Boardwalk Empire's newest villain is a cunning, calculating and manipulative character in the world of organized crime. Dr. Valentin Narcisse (Jeffrey Wright) showed up toward the beginning of season four when one of his men never returned from a trip to the boardwalk. Since then, the good doctor has been trouble.
He has muscled heroin into the Boardwalk Empire world, stomping on Chalky White's territory, which ultimately infringes on Nucky Thompson's territory. These crime bosses are like kings, so anytime they lose part of their kingdom, it’s war time. Turf disputes, murder and the affection of the beautiful Daughter Maitland (Margot Bingham) are at stake in the season finale. Narcisse is no slouch. He may appear like some intellectual incapable of hurting others, but he has an army of muscle that scared Chalky (Michael Kenneth Williams) and Daughter into hiding out in the penultimate episode.

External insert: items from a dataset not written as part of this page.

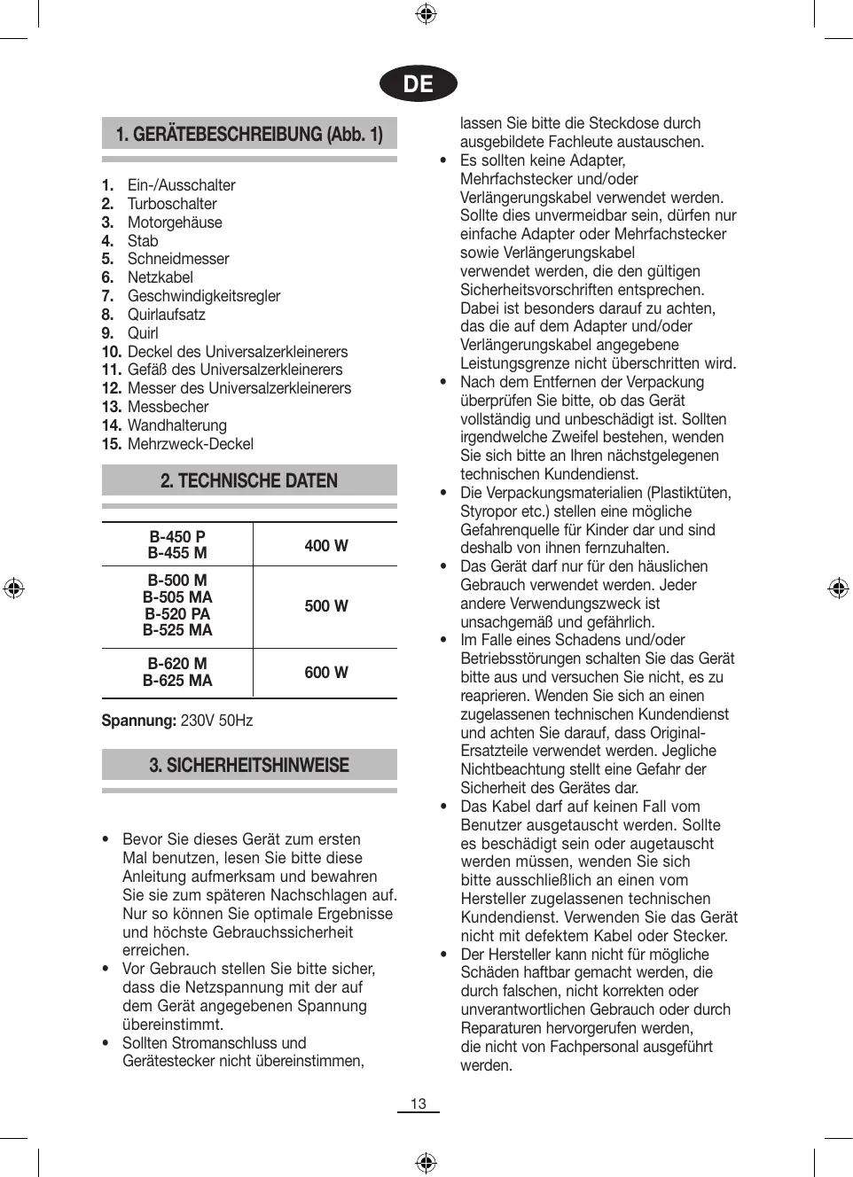 - Kein Teil des Gerätes darf auf oder in der Nähe von heißen Flächen (Gasoder Elektrokochplatten, Herden etc.) verwendet oder abgestellt werden. Handhabung des Quirls Der Quirl ist für die Zubereitung lockerer Speisen wie beispielsweise Saucen, Suppen, Mayonnaise oder Brei geeignet. Um das gewünschte Zubehörteil zu verwenden, stecken Sie es in das Motorgehäuse und drehen bis zum Anschlag gegen den Uhrzeigersinn. Ist der Stab eingepasst (4), schließen Sie das Gerät ans Stromnetz an. Füllen Sie die zu schlagenden Zutaten in ein geeignetes Gefäß und tauchen Sie den Mixstab vertikal ein wie in Abbildung 2. gezeigt. Drücken Sie den Ein-/Ausschalter (1). Bei den Modellen B-520PA, B-525MA, B-620M und B-625MA stellen Sie durch Drehung des Geschwindigkeitsreglers die Geschwindigkeit ein (7). Zum Schlagen mit maximaler Geschwindigkeit können Sie den Turboschalter drücken (2). Handhabung des Mixstabs Führen Sie den Quirl bis zum Einrasten in den Aufsatz ein (Abb. 5). Danach befestigen Sie den Quirl (Abb. 6). Führen Sie den Stab in den Behälter ein, schließen ihn ans Stromnetz an und drücken den Ein/Ausschalter zum Start. Zum Einstellen der gewünschten Geschwindigkeit betätigen Sie den Gescchwindigkeitsregler (dies bezieht sich nur auf die Modelle B-520PA, B-505MA, B-525MA und B-625MA) oder stellen den Turboschalter auf Turbo-Modus. Zum Schlagen können Sie den Becher (13) oder einen anderen Behälter verwenden. Sie können den Inhalt in der Schale mit dem dazugehörigen Deckel aufbewahren.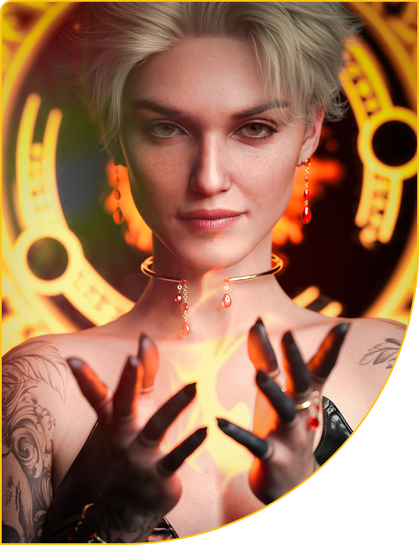 Valenia 9 HD brings high-fantasy elegance to Genesis 9 with her slim silhouette, sharp facial details, custom navel, fibermesh brows, and optional HD morphs. This bundle is ideal for fantasy, sci-fi, and concept portraits.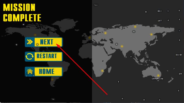3、完成任務(wù),在MISSION COMPLETE界面點(diǎn)NEXT,解鎖新地圖關(guān)卡,持續(xù)挑戰(zhàn)。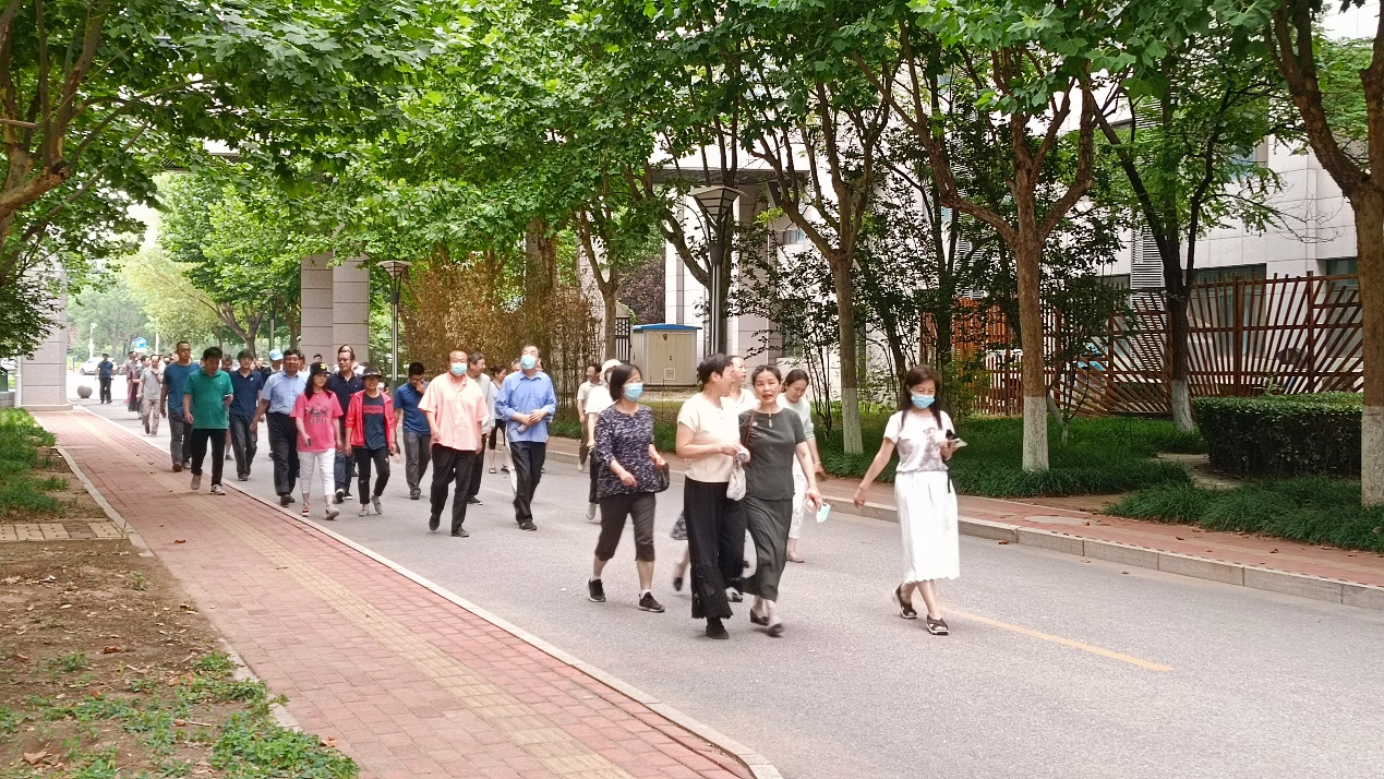 中午12点40分,学院教职工在主楼西广场集合,长走在欢愉的氛围中开始了。本次长走路线旁绿树成荫,环境宜人,大家一边感受清新的空气和午后的阳光,各位老师在欢声笑语中交流工作、畅谈生活,既锻炼了身体,又增进了感情。

Will Narcisse meet his end? That is hard to say. In past seasons, those who crossed Nucky (Steve Buscemi) were killed. Bobby Cannavale played Gyp Rosetti in season three, threatening the life and livelihood of Nucky. The season three finale ended with Gyp’s murder. If you cross Nucky, you meet your maker. Narcisse, however, has not crossed Nucky directly. Their beef is a result of Nucky's friendship and business partnership with Chalky.
There is a chance Dr. Narcisse could make it out of this season alive. A lot can happen in the finale. Chalky doesn't seem to have the manpower to win a war with Narcisse. Why else would Chalky be hiding? The second Narcisse threatens Nucky, the whole game changes. If and when that happens, Dr. Narcisse's days are numbered.

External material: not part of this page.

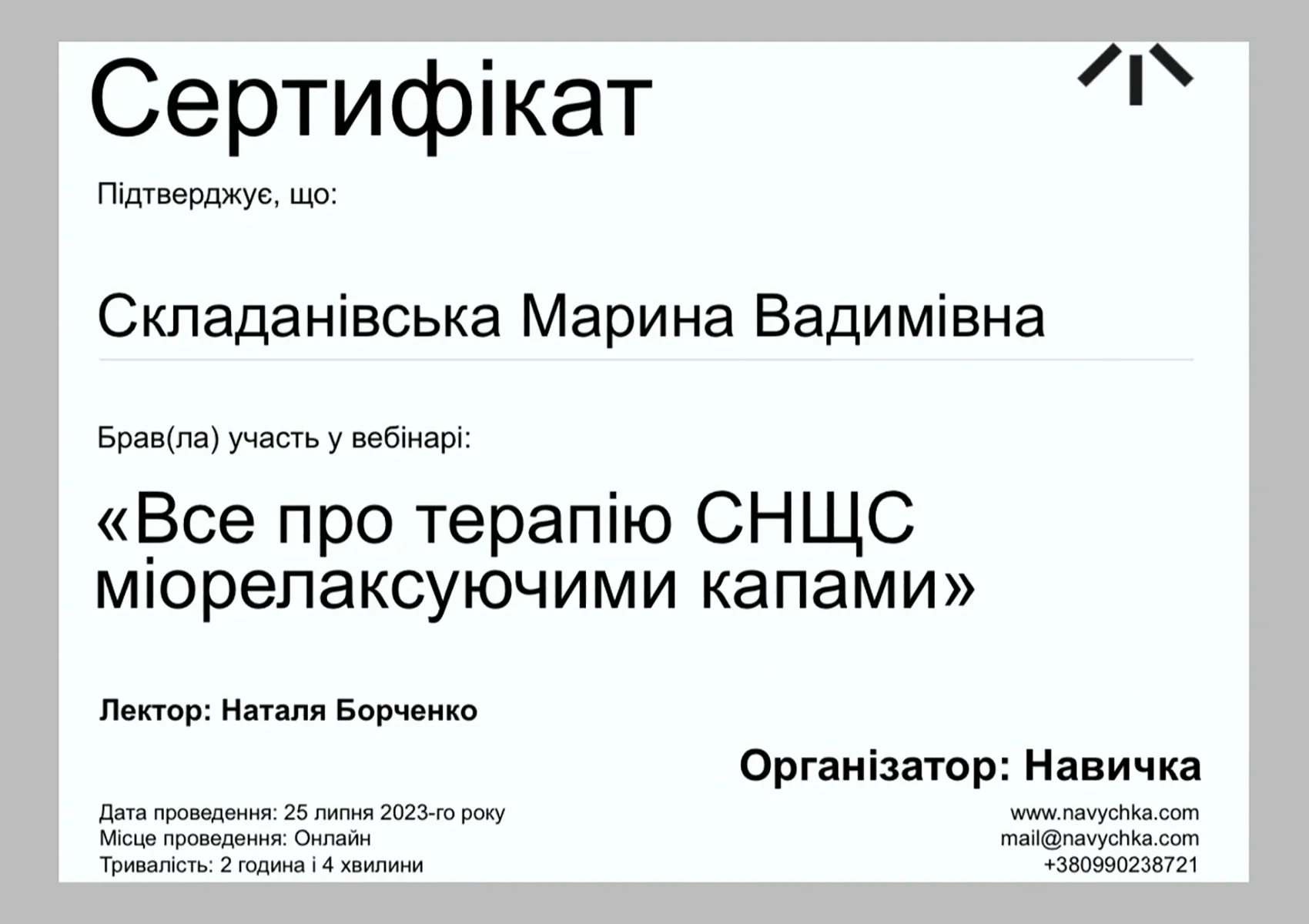 Дипломи та сертифікати лікаря

When the newest season of Homeland began, it was a known fact that Nicholas Brody was a wanted man. The war hero turned suspected terrorist had been pinned as the trigger man for the CIA bombing in Langley, VA. Brody became a man on the run.
How would the writing team on Homeland keep its main character involved on the show? The answer: they haven't. So far, Brody has been on one episode. Granted, the entire episode was about him, but shouldn't he be featured a lot more? Damian Lewis won an Emmy for Lead Actor in a Drama Series in 2012, so where the hell is this guy?

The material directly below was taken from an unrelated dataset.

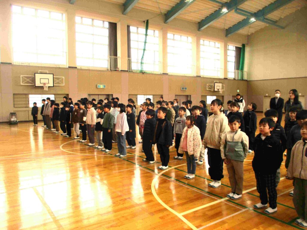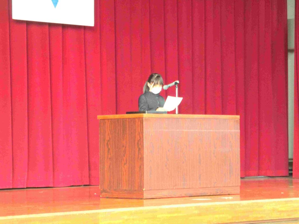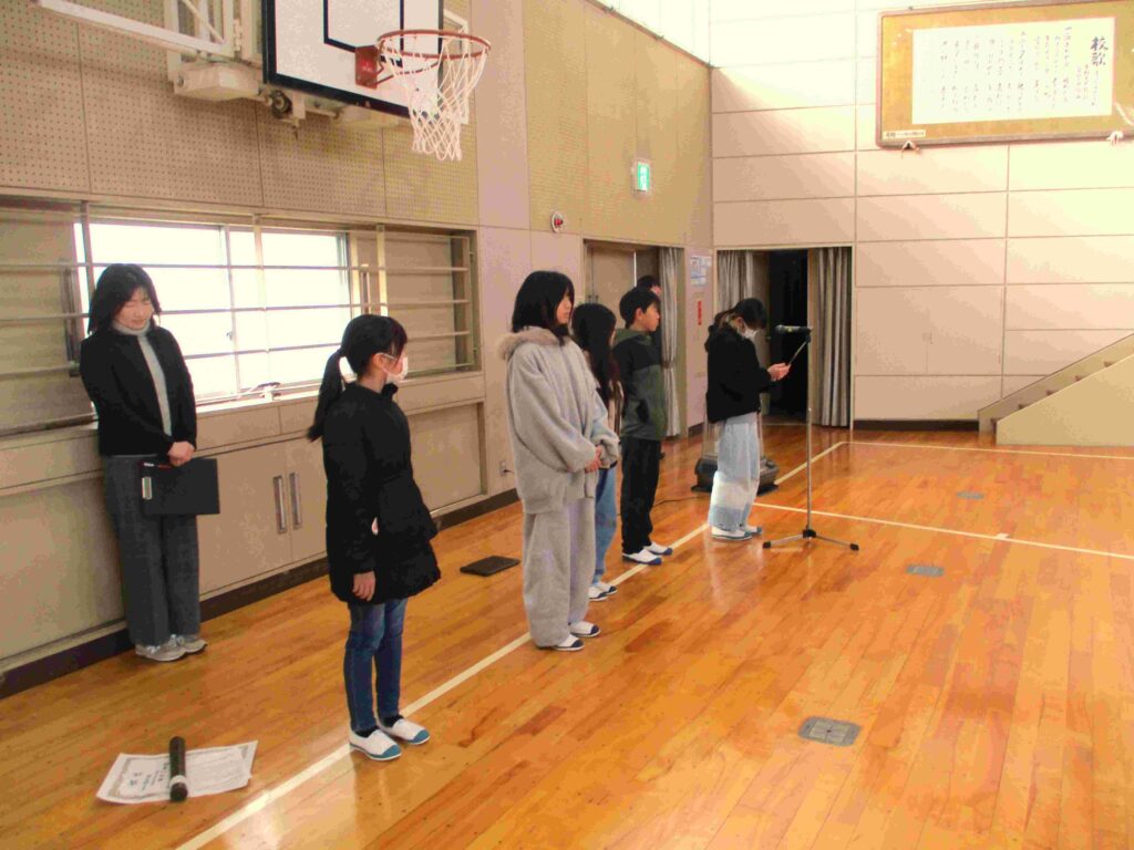 さて、朝会では校長先生のお話(この1年やり残したことがないように 自分も他者も幸せにできる人へ)につづいて、各委員会からの代表者が連絡を伝え、今月の歌を歌いました。今日も一日がんばります!

Once Brody became outed as a traitor, Homeland did an excellent job keeping him part of the show. Without him, the show has become unglued. The appeal of Homeland was the chase of an American who turned his back on his country. Without that betrayal, it's just CIA agents chasing bad guys.
Saul, Carrie and Quinn’s chase is still worth watching. The inclusion of Brody is coming soon, though. Carrie (Claire Danes) believes Brody is innocent. Despite not being in contact with the infamous American, she has tried to unravel clues to clear his name.
It is only a matter of time before the CIA gets all the evidence to bring Brody back in the fold. The most intriguing plot is still on the horizon. Carrie is pregnant and Brody is probably the father.
Then again, Carrie is a promiscuous woman, so it could be anybody's. Still, the betting money's on Brody as the daddy. Imagine the juicy drama that would unfold if news came out to the public that a CIA agent has been knocked up by a suspected terrorist?
Homeland needs Brody. It's been too long already.